Section 51-58 of Part VII of the CBA exclusively provide framework of Shariah
governance for IFIs in Malaysia
It grants authority to the BNM to establish the National Shariah Advisory
Council (SAC) and to specify its distinctive functions as well as secretariat to
assist the SAC in carrying out its definitive roles.
In parallel with the status of the SAC as the highest authority in matters
pertaining to Islamic banking, finance and takaful, the appointment of the
SAC members shall be made by the Yang di-Pertuan Agong. The SACs
remuneration and the terms of reference then shall be determined by the
BNM.
It sets the minimum fit and proper criteria of the SAC members. The candidate
must be knowledgeable and expert in Shariah or has appropriate knowledge
and experience in banking, finance and law.

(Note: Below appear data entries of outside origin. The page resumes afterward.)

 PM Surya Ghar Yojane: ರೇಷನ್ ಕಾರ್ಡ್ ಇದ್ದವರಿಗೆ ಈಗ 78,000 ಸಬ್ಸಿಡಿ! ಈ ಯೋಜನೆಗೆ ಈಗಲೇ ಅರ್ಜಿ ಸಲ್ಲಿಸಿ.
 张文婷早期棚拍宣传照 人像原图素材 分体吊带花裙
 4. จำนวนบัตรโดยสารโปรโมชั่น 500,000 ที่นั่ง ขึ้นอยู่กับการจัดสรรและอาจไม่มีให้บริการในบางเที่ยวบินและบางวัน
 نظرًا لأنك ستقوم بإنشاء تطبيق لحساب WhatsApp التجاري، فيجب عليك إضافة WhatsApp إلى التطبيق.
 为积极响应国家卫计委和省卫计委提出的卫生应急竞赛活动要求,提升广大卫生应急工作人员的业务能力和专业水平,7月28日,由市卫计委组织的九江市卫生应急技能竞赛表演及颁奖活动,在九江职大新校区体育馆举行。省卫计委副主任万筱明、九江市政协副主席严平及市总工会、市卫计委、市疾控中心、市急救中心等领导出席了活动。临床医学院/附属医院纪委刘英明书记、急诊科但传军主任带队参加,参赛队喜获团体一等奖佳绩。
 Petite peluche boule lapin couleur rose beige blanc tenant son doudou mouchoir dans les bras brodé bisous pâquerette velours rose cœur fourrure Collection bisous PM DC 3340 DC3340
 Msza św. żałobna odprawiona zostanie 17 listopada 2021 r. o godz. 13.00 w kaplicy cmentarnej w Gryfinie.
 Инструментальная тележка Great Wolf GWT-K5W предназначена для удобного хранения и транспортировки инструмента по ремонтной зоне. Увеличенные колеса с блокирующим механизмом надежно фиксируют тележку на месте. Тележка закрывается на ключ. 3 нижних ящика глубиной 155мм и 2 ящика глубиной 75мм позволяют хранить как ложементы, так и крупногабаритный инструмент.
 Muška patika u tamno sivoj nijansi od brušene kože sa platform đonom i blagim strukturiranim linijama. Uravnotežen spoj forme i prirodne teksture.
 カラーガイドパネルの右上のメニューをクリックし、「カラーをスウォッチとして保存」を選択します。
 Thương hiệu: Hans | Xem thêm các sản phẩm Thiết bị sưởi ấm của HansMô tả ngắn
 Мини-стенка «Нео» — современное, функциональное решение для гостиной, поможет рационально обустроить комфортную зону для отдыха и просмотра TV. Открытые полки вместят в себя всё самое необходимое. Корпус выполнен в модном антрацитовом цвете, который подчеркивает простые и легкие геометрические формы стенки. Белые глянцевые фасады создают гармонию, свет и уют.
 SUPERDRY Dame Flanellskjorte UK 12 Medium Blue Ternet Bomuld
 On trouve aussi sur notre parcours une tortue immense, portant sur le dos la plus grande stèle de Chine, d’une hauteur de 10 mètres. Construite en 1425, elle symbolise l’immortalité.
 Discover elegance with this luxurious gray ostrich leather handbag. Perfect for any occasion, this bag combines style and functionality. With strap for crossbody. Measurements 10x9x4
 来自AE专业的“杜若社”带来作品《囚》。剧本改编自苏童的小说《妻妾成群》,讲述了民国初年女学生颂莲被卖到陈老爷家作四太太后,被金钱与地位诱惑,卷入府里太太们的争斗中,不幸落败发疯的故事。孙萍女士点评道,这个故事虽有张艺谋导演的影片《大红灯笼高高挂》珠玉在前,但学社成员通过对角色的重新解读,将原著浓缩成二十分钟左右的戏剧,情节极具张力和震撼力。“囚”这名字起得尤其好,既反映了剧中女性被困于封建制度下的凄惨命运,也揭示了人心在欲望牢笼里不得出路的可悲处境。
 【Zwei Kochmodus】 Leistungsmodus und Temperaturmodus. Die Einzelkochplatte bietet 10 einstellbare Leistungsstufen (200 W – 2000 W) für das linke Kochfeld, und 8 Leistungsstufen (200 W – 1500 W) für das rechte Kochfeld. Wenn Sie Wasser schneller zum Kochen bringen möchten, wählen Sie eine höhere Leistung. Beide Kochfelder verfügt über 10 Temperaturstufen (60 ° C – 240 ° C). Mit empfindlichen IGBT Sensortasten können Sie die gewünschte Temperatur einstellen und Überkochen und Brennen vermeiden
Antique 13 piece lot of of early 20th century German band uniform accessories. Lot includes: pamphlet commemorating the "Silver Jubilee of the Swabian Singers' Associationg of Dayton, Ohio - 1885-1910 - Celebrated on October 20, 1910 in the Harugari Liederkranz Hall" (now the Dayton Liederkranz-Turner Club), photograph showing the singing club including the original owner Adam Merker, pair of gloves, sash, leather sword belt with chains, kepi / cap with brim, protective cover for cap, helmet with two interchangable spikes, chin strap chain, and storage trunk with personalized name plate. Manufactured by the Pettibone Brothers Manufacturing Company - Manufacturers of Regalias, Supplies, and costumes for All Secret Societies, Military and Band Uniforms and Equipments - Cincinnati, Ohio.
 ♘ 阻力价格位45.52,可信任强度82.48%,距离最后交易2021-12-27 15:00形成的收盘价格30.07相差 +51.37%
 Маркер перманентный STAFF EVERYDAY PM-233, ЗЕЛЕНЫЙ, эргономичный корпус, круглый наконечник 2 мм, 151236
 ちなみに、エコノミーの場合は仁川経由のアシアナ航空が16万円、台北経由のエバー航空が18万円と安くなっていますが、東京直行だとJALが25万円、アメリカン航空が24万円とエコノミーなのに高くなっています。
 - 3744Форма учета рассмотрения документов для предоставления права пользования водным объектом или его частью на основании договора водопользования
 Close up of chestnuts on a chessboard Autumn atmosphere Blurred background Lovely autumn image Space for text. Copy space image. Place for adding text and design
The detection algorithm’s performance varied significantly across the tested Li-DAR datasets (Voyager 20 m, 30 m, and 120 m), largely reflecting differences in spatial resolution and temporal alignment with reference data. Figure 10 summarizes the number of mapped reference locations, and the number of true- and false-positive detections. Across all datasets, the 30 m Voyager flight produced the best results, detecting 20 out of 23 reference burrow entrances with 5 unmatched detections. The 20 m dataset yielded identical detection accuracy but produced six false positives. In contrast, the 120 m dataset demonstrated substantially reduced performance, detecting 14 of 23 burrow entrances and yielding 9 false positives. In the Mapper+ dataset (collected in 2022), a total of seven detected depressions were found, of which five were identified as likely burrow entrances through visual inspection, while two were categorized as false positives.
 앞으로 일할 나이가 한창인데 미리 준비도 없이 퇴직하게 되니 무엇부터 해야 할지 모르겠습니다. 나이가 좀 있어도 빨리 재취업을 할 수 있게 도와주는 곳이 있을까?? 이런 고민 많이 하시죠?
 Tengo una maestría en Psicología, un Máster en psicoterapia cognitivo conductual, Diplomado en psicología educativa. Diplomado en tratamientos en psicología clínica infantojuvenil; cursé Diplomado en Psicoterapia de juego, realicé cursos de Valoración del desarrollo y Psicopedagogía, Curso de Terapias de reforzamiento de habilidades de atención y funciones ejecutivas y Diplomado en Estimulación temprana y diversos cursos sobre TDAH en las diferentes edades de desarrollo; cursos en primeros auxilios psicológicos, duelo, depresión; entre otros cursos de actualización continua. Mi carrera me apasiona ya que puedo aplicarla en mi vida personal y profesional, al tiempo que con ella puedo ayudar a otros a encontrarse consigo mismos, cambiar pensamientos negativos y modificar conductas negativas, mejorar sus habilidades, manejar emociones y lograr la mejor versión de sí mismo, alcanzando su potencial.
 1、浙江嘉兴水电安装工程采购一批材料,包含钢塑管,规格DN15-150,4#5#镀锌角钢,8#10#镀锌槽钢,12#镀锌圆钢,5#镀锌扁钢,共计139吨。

It allows expert in other related disciplines as well as judges of the civil court and
shariah court to be the SAC members. This provision is unique as combination
of mixed expertise amongst the SAC members would potentially contribute
towards more solid and sound Shariah rulings.
SAC is accorded the status as the sole authoritative body on Shariah matters
pertaining to Islamic banking, takaful and Islamic finance in Malaysia.
The act requires the courts and arbitrator to refer to the rulings of the SAC for
any proceedings relating to Islamic financial business, and such rulings shall be
binding.
Despite of the recent legal development, it is worth noting that the CBA has
jurisdiction only on matters that fall under the auspices of the BNM, which
exclude the Shariah board in the Securities Commission.